Causal decision theorists proceed as follows. We have a set of “causal hypotheses” about what the relevant parts of the world at the time of the decision are like. For each causal hypothesis H we calculate E(U|H∧A) and E(U|H∧B), and then we take the weighted average over our probabilities, and then decide accordingly. In other words, we have a causal expected utility of D

• E_c(U|D) = ∑_HE(U|H∧D)P(H)

and are to choose A over B provided that E_c(U|A) = E_c(U|B). In the gene case, the “bad news” of the horrible death on G is a constant addition to E_c(U|A) and to E_c(U|B), and so it can be ignored—as is right, since it’s not in our control.
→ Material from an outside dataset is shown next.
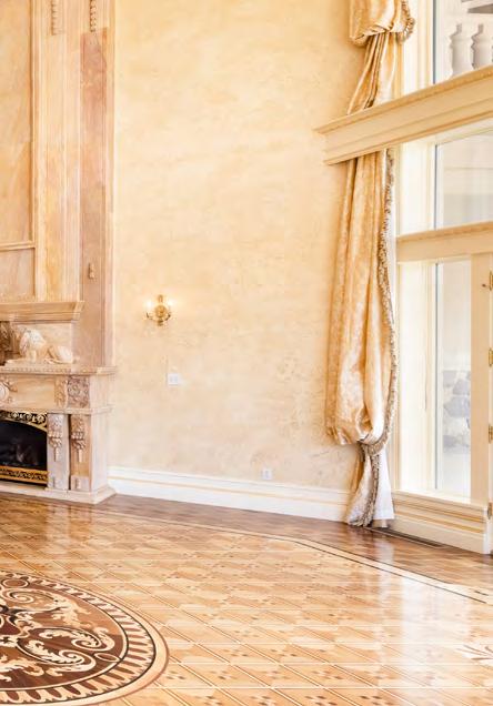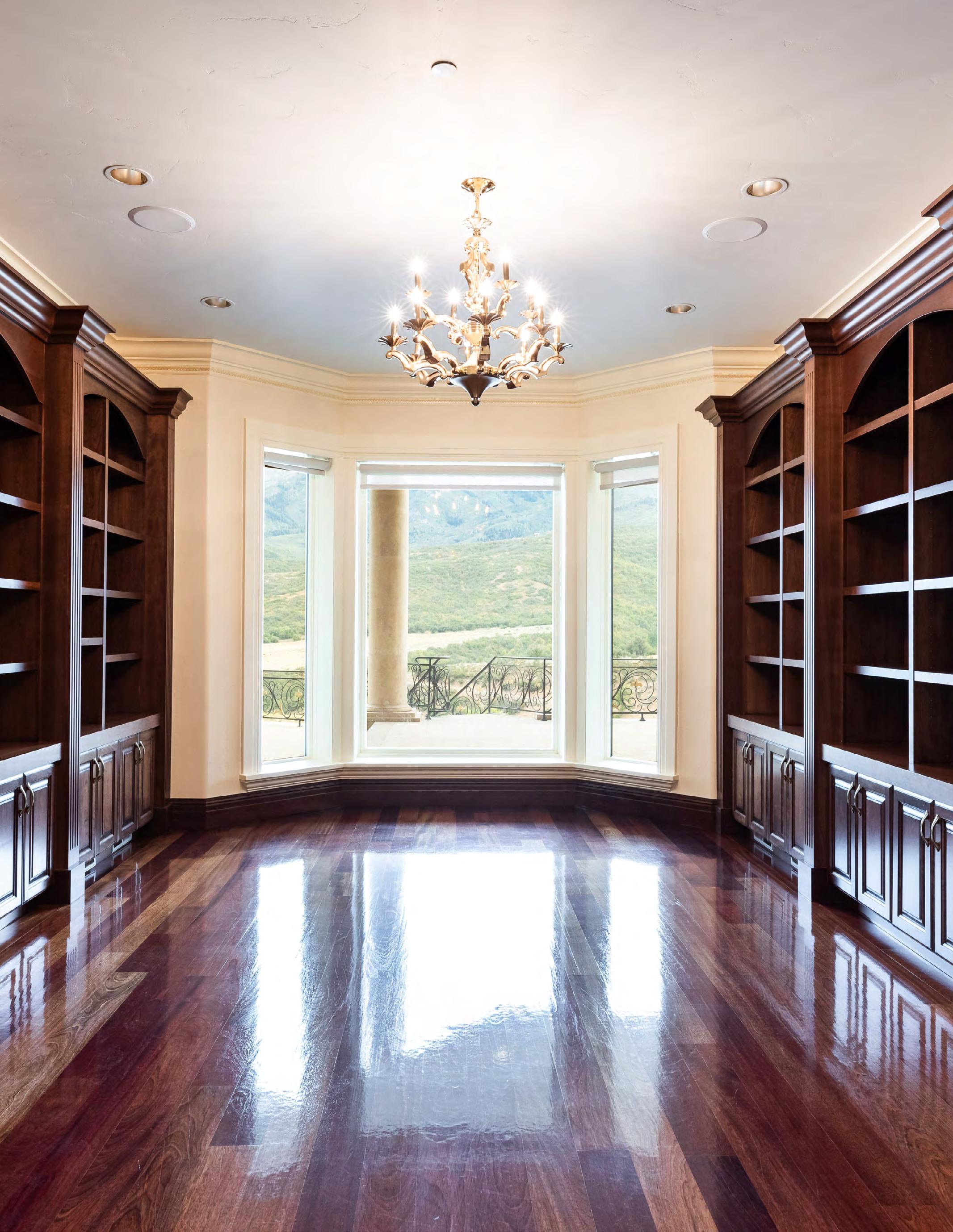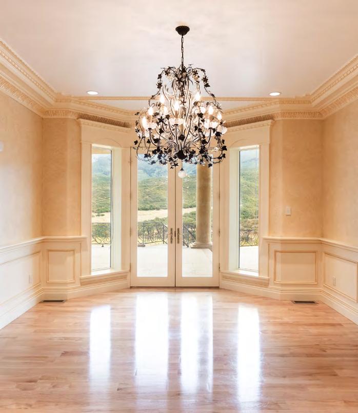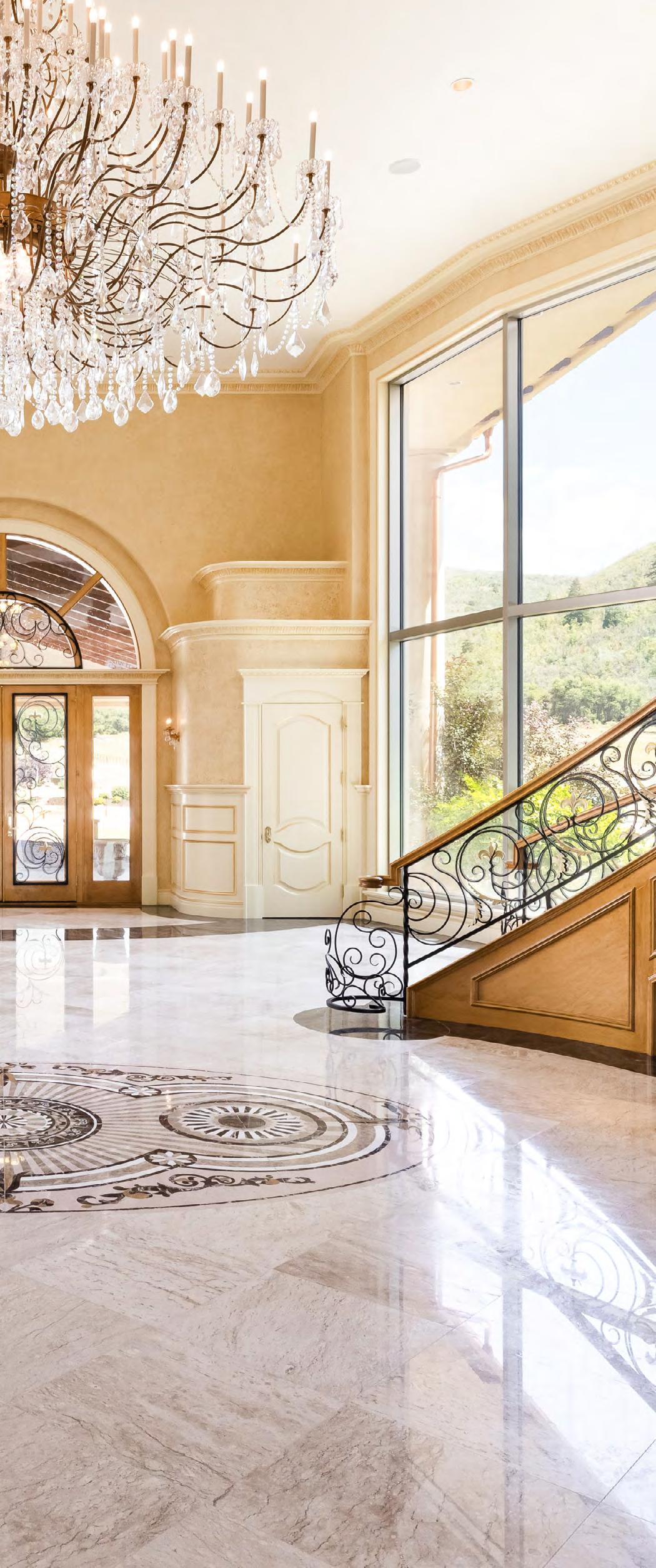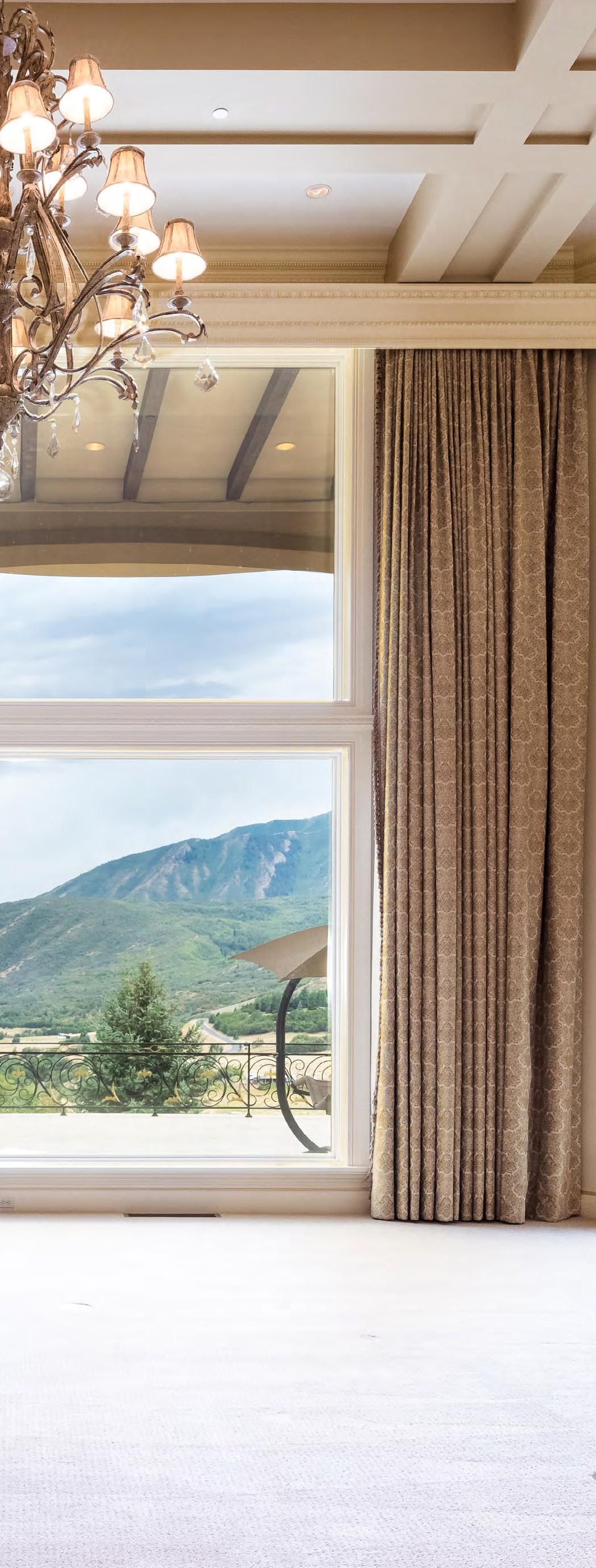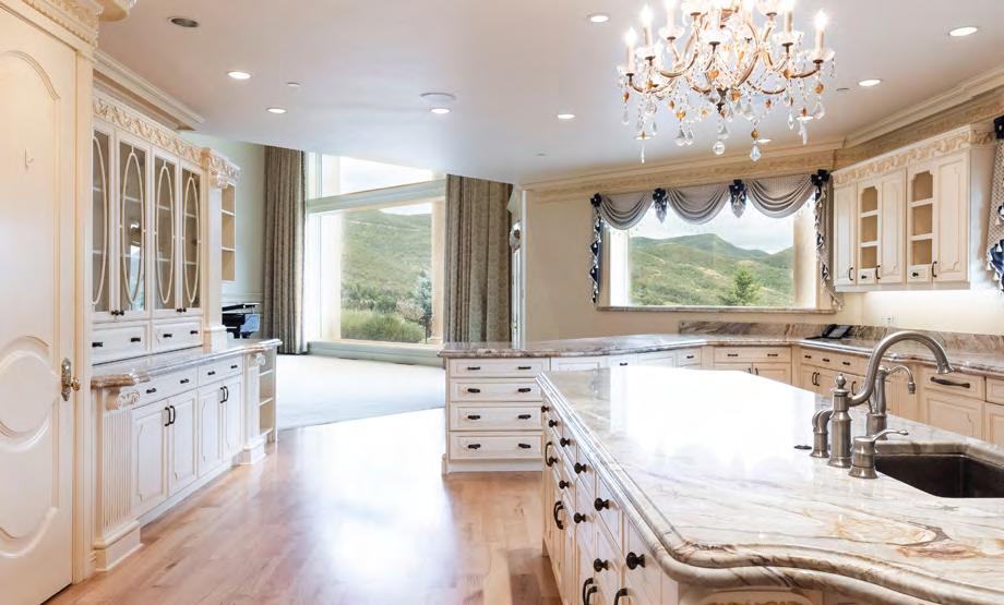 Just beyond the grand entry is a stunning reception room with 23’ high ceilings and a wall of windows that span the entire length and height of the room, framing the mountain range. With a stone carved fireplace that cascades up the southern wall and French doors that open out to a massive deck, this room is ideal for entertaining. The detailed floors showcase beautiful craftsmanship with intricate wood design reminiscent of a Russian cathedral.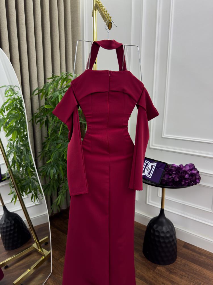 - أكمام متدلية على الأذرع (Draped Sleeves) متصلة بالفستان عند الجزء العلوي للصدر وتنسدل بطول متوسط بطريقة أنيقة.

But here is a variant case that worries me. Suppose that you are choosing between flavors A and B of ice cream, and you will only ever ever get to taste one of them, and only once. You can’t figure out which one will taste better for you (maybe one is oyster ice cream and the other is sea urchin ice cream). However, data shows that not only does G make one likely to choose A and its absence makes one likely to choose B, but everyone who has G derives pleasure from A and displeasure from B and everyone who lacks G has the opposite result, and all the pleasures and displeasures are of the same magnitude.

Now, background information says that you have a 3/4 chance of having G. On causal decision theory, this means that you should choose A, because likely you have G, and those who have G all enjoy A. Evidential decision theory, however, tells you that you should choose B, since if you choose B then likely you don’t have the terrible gene G.

In this case, I feel causal decision theory isn’t quite right. Suppose I choose A. Then after I have made my choice, but before I have consumed the ice cream, I will be glad that I chose A: my choice of A will make me think I have G, and hence that A is tastier. But similarly, if I choose B, then after I have made my choice, and again before consumption, I will be glad that I chose B, since my choice B will make me think I don’t have G and hence that B was a good choice. Whatever I choose, I will be glad I chose it. This suggests to me that my there is nothing wrong with either choice!

Here is the beginning of a third decision theory, then—one that is neither causal nor evidential. An option A is permissible provided that causal decision theory with the causal hypothesis credences conditioned on one’s choosing A permits one to do A. An option A is required provided that no alternative is permissible. (There are cases where no option is permissible. That’s weird, I admit.)

In the initial case, where the pleasure of each flavor does not depend on G, this third decision theory gives the same answer as causal decision theory—it says to go for the tastier flavor. In the second case, however, where the pleasure/displeasure depends on G, it permits one to go for either flavor. In a probabilistic-predictor Newcomb’s Paradox, it says to two-box.